Massive Distributed Microphone Array Dataset

This post describes our new massive distributed microphone array dataset, which is available for download from the Illinois Databank and is featured an upcoming paper at CAMSAP 2019.

Conference room with microphone arrays and loudspeakers

The conference room used for the massive distributed array dataset.

Listening in loud noise is hard: we only have two ears, after all, but a crowded party might have dozens or even hundreds of people talking at once. Our ears are hopelessly outnumbered! Augmented listening devices, however, are not limited by physiology: they could use hundreds of microphones spread all across a room to make sense of the jumble of sounds.

Our world is already filled with microphones. There are multiple microphones in every smartphone, laptop, smart speaker, conferencing system, and hearing aid. As microphone technology and wireless networks improve, it will be possible to place hundreds of microphones throughout crowded spaces to help us hear better. Massive-scale distributed arrays are more useful than compact arrays because they are spread around and among the sound sources. One user’s listening device might have trouble distinguishing between two voices on the other side of the room, but wearable microphones on those talkers can provide excellent information about their speech signals.

Many researchers, including our team, are developing algorithms that can harness  information from massive-scale arrays, but there is little publicly available data suitable for source separation and audio enhancement research at such a large scale. To facilitate this research, we have released a new dataset with 10 speech sources and 160 microphones in a large, reverberant conference room.

Massive-scale array

Array devices

The distributed array included 16-microphone wearable microphone arrays (left) and 8-microphone tabletop enclosures (right).

The distributed array contains two device types: wearable arrays and tabletop arrays.

There were four wearable arrays of 16 microphones each, for a total of 64 wearable microphones. Six microphones were placed in behind-the-ear earpieces, which resemble a popular style of hearing aid, two were placed on eyeglasses, and the remaining eight were spread across the shirt. (For more wearable array configurations, see our wearable microphone dataset.)

There were also twelve tabletop arrays, each with 8microphones arranged in a circular pattern, for a total of 96 tabletop microphones. These were mounted in custom enclosures designed to resemble popular smart speakers. The enclosures were designed and assembled by Uriah Jones, Matt Skarha, and Ben Stoehr.

Cocktail party experiment

Layout of the conference room

Four wearable arrays, twelve tabletop arrays, and ten loudspeakers were spread throughout the conference room.

The recordings were performed in a large conference room, which is strongly reverberant. Because the sound bounces around the walls so much, it is difficult to tell what direction sound arrives from and to distinguish direct-path signals from later echoes. Source separation researchers still struggle to deal with large, reverberant rooms like this one.
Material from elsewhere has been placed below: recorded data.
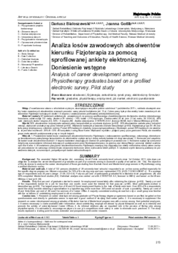 Znowelizowana ustawa o szkolnictwie wyższym, obowiązująca wszystkie polskie uczelnie od 1 października 2011 r., nakłada obowiązek analizy losów zawodowych absolwentów w ramach procedur oceny jakości kształcenia (art. 13 a). Celem pracy była próba analizy losów zawodowych absolwentów Fizjoterapii kończących studia I i II stopnia z zastosowaniem profilowanej ankiety elektronicznej. W badaniach ankietowych, prowadzonych za pomocą sprofilowanego charakterystycznie dla kierunku studiów, internetowego formularza, udział wzięły 132 osoby (studenci 26 uczelni) – 74% kobiet i 21% mężczyzn. Średnia wieku 25 lat (min. 21 lat, maks. 39; SD=3,9). 46% osób ukończyło studia I stopnia (AI), 54% – II stopnia (AII). Analiza statystyczna: STATISTICA 9.0 (licencja WUM), test U Manna-Whitneya (p<0,05).35% absolwentów rozpoczynała szukanie pracy bezpośrednio po uzyskaniu dyplomu (p=NS). 20% absolwentów szukała pracy krócej niż miesiąc, większość szukała pracy przez Internet (p=NS). Większość badanych pracowała w dziale kinezyterapii (p=NS). Największa grupa AI i AII znalazła pracę dzięki pomocy członków rodziny. Ponad 40% badanych chciałoby rozpocząć specjalizację z fizjoterapii, ponad 25% badanych nie wiedziała, że jest taka możliwość. 20% AI i 33% AII korzystała z usług Biura Karier. Większość myślała o podjęciu pracy poza granicami Polski, ale niewielka grupa znała warunki podejmowania pracy w innych krajach. 1. Prowadzenie badań losów zawodowych absolwentów kierunku Fizjoterapia z zastosowaniem sprofilowanego, celowanego, internetowego kwestionariusza przesyłanego bezpośrednio do absolwentów wydaje się być dobrą metodą badania ich drogi zawodowej. 2. Konieczne jest uzupełnienie badań losów absolwentów studiów I i II stopnia badaniami obejmującymi również ich potencjalnych pracodawców. 3. Konieczne wydaje się szersze niż dotychczas wprowadzenie informacji dotyczących podejmowania przez fizjoterapeutów pracy za granicą oraz intensyfikacja i promocja działań uczelnianych Biur Karier. 4. W znalezieniu pracy przez absolwentów kierunku Fizjoterapia znaczącą rolę odgrywają tzw. układy nieformalne, należy zatem zachęcać pracodawców do szerszego niż dotychczas stosowania konkursów celem wykluczenia takich praktyk. 5. Uzyskane wyniki stanowią podstawę do prowadzenia dalszych, rozszerzonych, prospektywnych badań wieloośrodkowych.
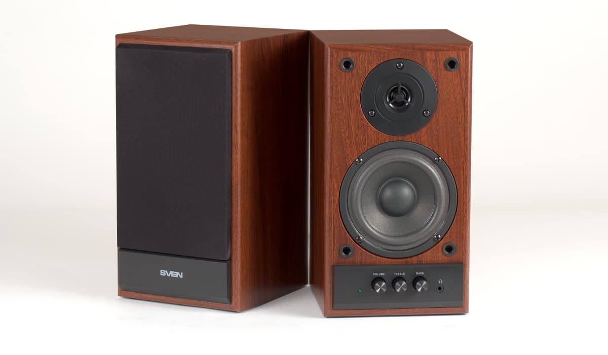 В целом звучание колонок Sven находится на среднем уровне. Как и во многих предыдущих случаях, из-за использования дешевых динамиков звучание получилось соответствующим. В данных колонках звучание явно акцентировано в верхней области средних частот. Вместе с характерными искажениями на высоких частотах, тембр звука у данной модели очень специфический. Посредством имеющихся регуляторов тембра эту особенность исправить не представляется возможным, оптимальным вариантом является уменьшение высоких практически до минимального уровня и прибавление низких. Но даже в этих условиях звучание колонок остается своеобразным. Насыщенность звучания низкими частотами достаточная. Запас по регулировке имеется.
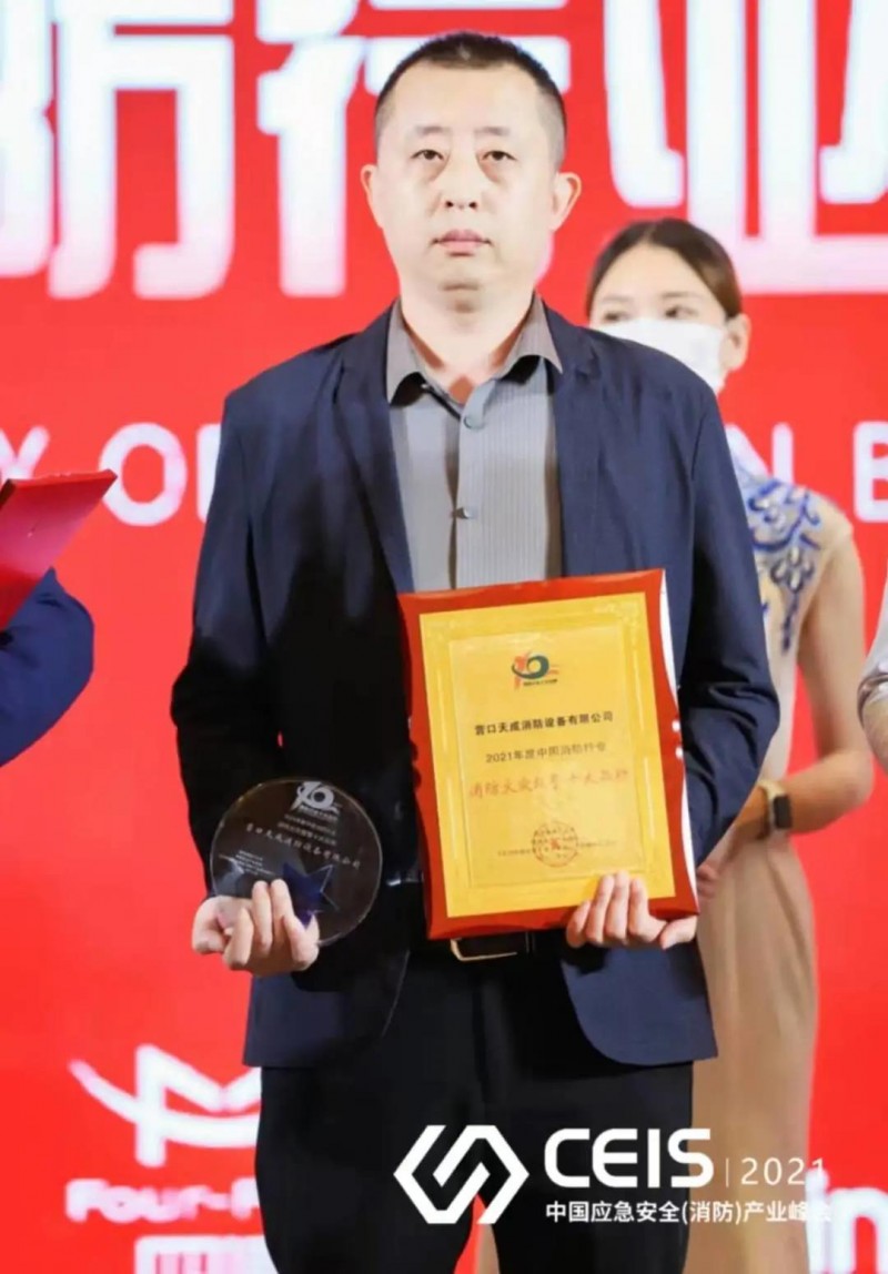 12月16日,由中國安全產(chǎn)業(yè)協(xié)會(huì)消防技術(shù)創(chuàng)新專委會(huì)、應(yīng)急救援產(chǎn)業(yè)網(wǎng)主辦的CEIS2021中國應(yīng)急安全(消防)產(chǎn)業(yè)峰會(huì)暨消防行業(yè)十大品牌頒獎(jiǎng)盛典在深圳圓滿召開。遼寧天成控股集團(tuán)有限公司榮獲“消防火災(zāi)報(bào)警十大品牌”獎(jiǎng)項(xiàng)。

To simulate human talkers, ten loudspeakers were spread throughout the conference room, all facing different directions. Each “talker” faced at least one of the microphone arrays; these nearby arrays provide excellent information about the signals from their neighboring sound sources. The speech signals were derived from the CSTR VCTK Corpus collected by researchers at the University of Edinburgh. Because they were recorded in an anechoic environment, they sound realistic when played back by loudspeakers in a reverberant room.

The dataset contains four types of data for each array device:

  1. A 55-second recording of the background noise in the room, which is important for designing spatial signal processing systems.
  2. A 20-second frequency sweep, or chirp, emitted from each of the ten loudspeakers. This can be used to measure acoustic impulse responses, which are the basis of many spatial signal processing algorithms.
  3. Ten 60-second speech clips, each emitted by one of the loudspeakers. These one-at-a-time recordings provide “clean” signals that can be used to evaluate the results of source separation.
  4. A 60-second recording of the same speech signals played by all ten loudspeakers simultaneously. This is the signal that our algorithms try to separate.

The measurements were performed by Ryan Corey and Matt Skarha.

The massive distributed microphone array dataset is available now on the Illinois Databank under a Creative Commons Attribution license.